Diabetes seems to hasten the loss of gray matter in the brains of Parkinson’s patients, and the effect is readily observable in the frontal lobes, where higher mental processes such as decision-making take place, according to a small study published online Feb. 10 in Academic Radiology.
Myria Petrou, MD, University of Michigan, and colleagues looked at 36 Parkinson’s patients, mean age 66, 12 of whom had diabetes and 24 of whom did not.
In their study report, the authors detail how, along with clinical and cognitive assessments, the subjects underwent high-resolution T1-weighted brain MRI and [11C]dihydrotetrabenazine (11C-DTBZ) PET to quantify loss of nerve supply in the nigrostriatal bundle, one of the brain’s major dopamine pathways.

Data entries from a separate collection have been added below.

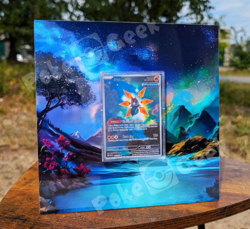 Iron Moth Paradox Rift Extended Art Frame is speciaal ontworpen voor verzamelaars en fans van unieke Pokémonkaarten. Het klassieke ontwerp is uitgebreid tot een 20x20cm extended art frame, geprint op hoogwaardig materiaal voor een luxe uitstraling. (Kaart niet inbegrepen)
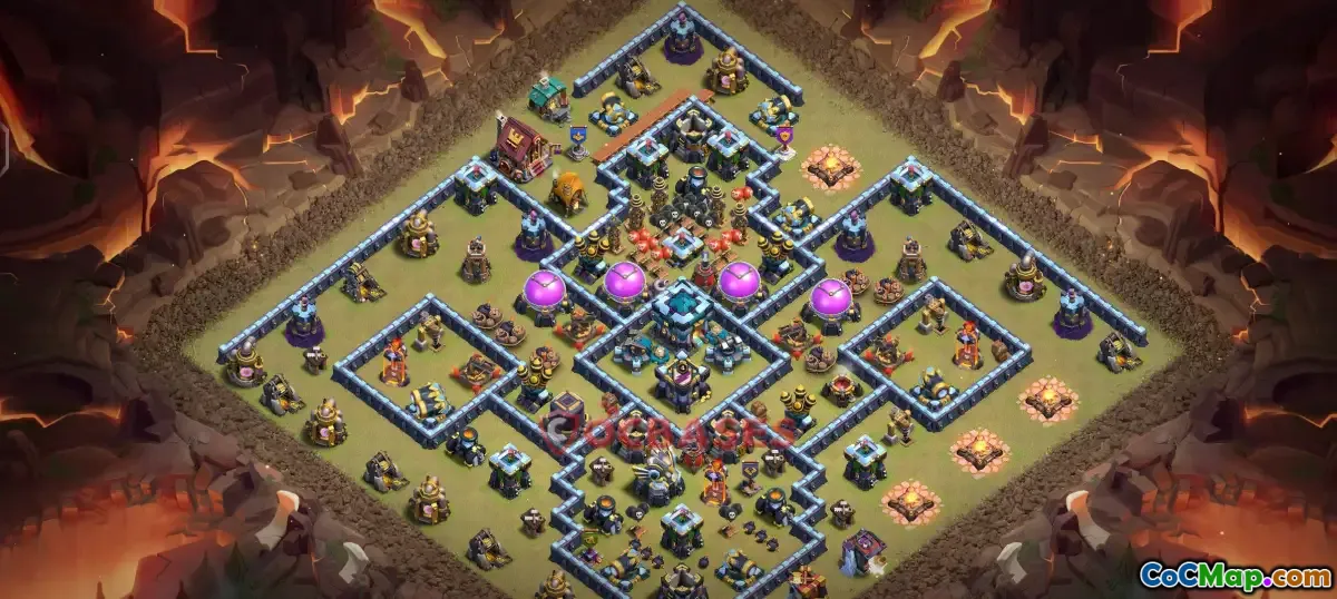 This Town Hall 13 war base is optimized to protect crucial resources and defend against enemy attacks during clan wars. Its strategic placement of defenses, walls, and traps creates a strong perimeter that confuses and thwarts attackers.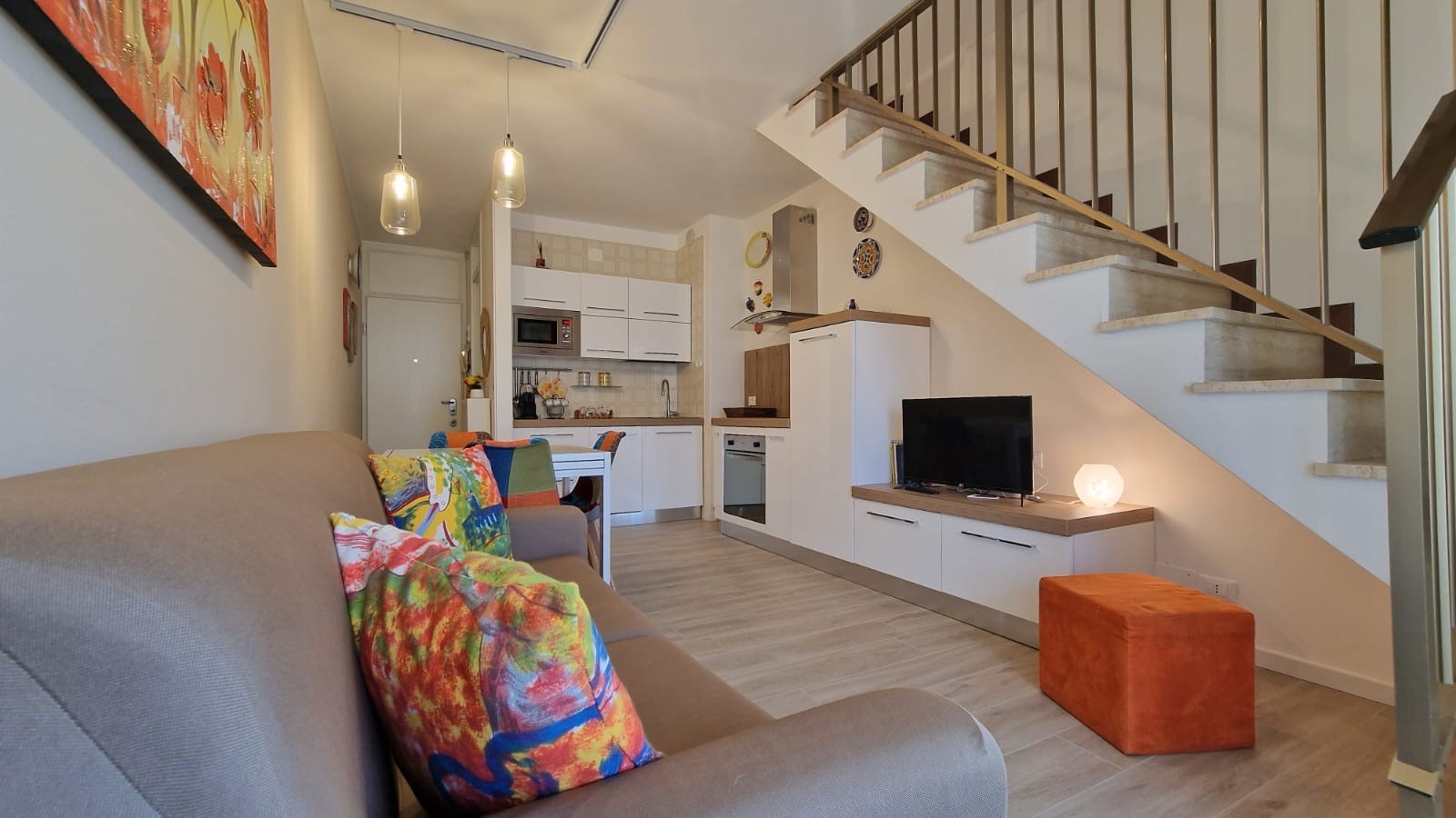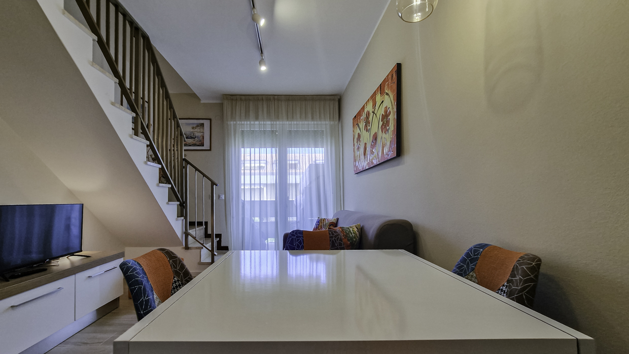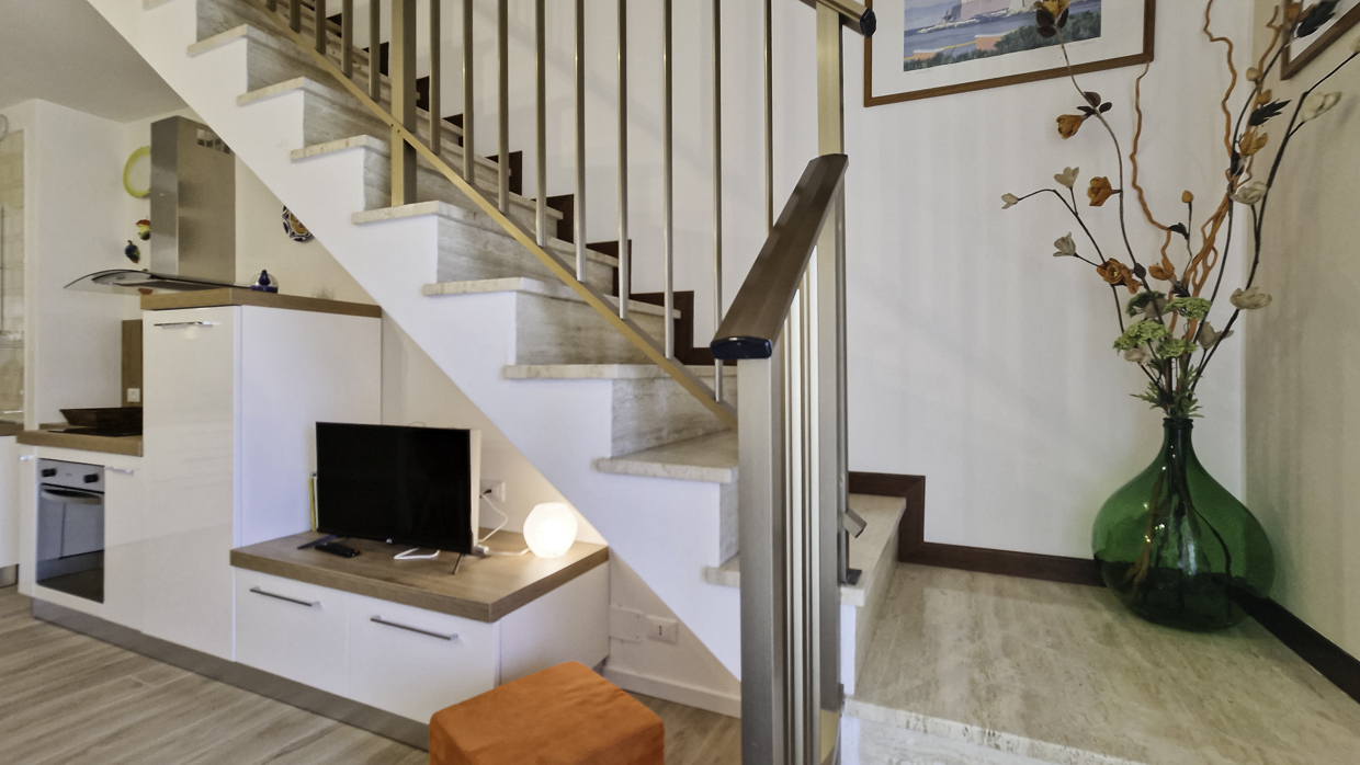 Proponiamo uno spazioso bilocale disposto su due livelli all’ interno di un condominio con accesso diretto alla spiaggia, nella verdeggiante zona di Lido dei Pini, comodo alla Spiaggia di Pluto ed alla passeggiata dei Pini. L’ appartamento è posto al quarto piano servito da ascensore e si compone di un’ ampia e luminosa zona giorno con terrazza abitabile che affaccia lateralmente sul mare, oltre ad un bagno di servizio completo di box doccia. Una scala in muratura conduce al piano superiore, dove trovano spazio una camera matrimoniale con terrazza a pozzo ed un secondo bagno. Completa la proprietà un posto auto coperto al piano seminterrato. L’ appartamento è stato completamente ristrutturato: sono infatti stati sostituiti gli infissi originali con nuovi in pvc ed alluminio con vetrocamera, i pavimenti sono stati rivestiti in gres porcellanato effetto legno ed è stato aggiornato l’ impianto elettrico. Il mobilio è stato sostituito completamente con l’ aggiunta di una piastra ad induzione in cucina.

Petrou and team found that the impact of diabetes on total gray matter volume was significant (P = 0.02), while subsequent analyses showed that diabetes was more selectively associated with lower gray matter volumes in the frontal regions (P = 0.01).
In the functional analyses, the combination of total gray matter volume and diabetes status was notably associated with composite (P = 0.007), executive (P = 0.02), and visuospatial domain cognitive z-scores (P = 0.005).
These associations were also significant for the frontal cortical gray matter.
The researchers relied on subjects to accurately self-report their diabetes status, which the authors list among their study’s several limitations.
In their discussion, Petrou et al. note that cognitive decline in the elderly places a great burden on patients, caregivers and the healthcare system as a whole.
“Treatments to attenuate cognitive decline in these patients are highly sought after to improve patient outcomes,” they write. “Our results may have clinical relevance because of the correlations between total and frontal gray matter volumes and cognitive scores, especially in the executive and visuospatial domains.”
Intervening in possible diabetes-related brain pathologies, they add, “may be a strategy to preserve cognition in Parkinson’s disease with comorbid glucose intolerance.”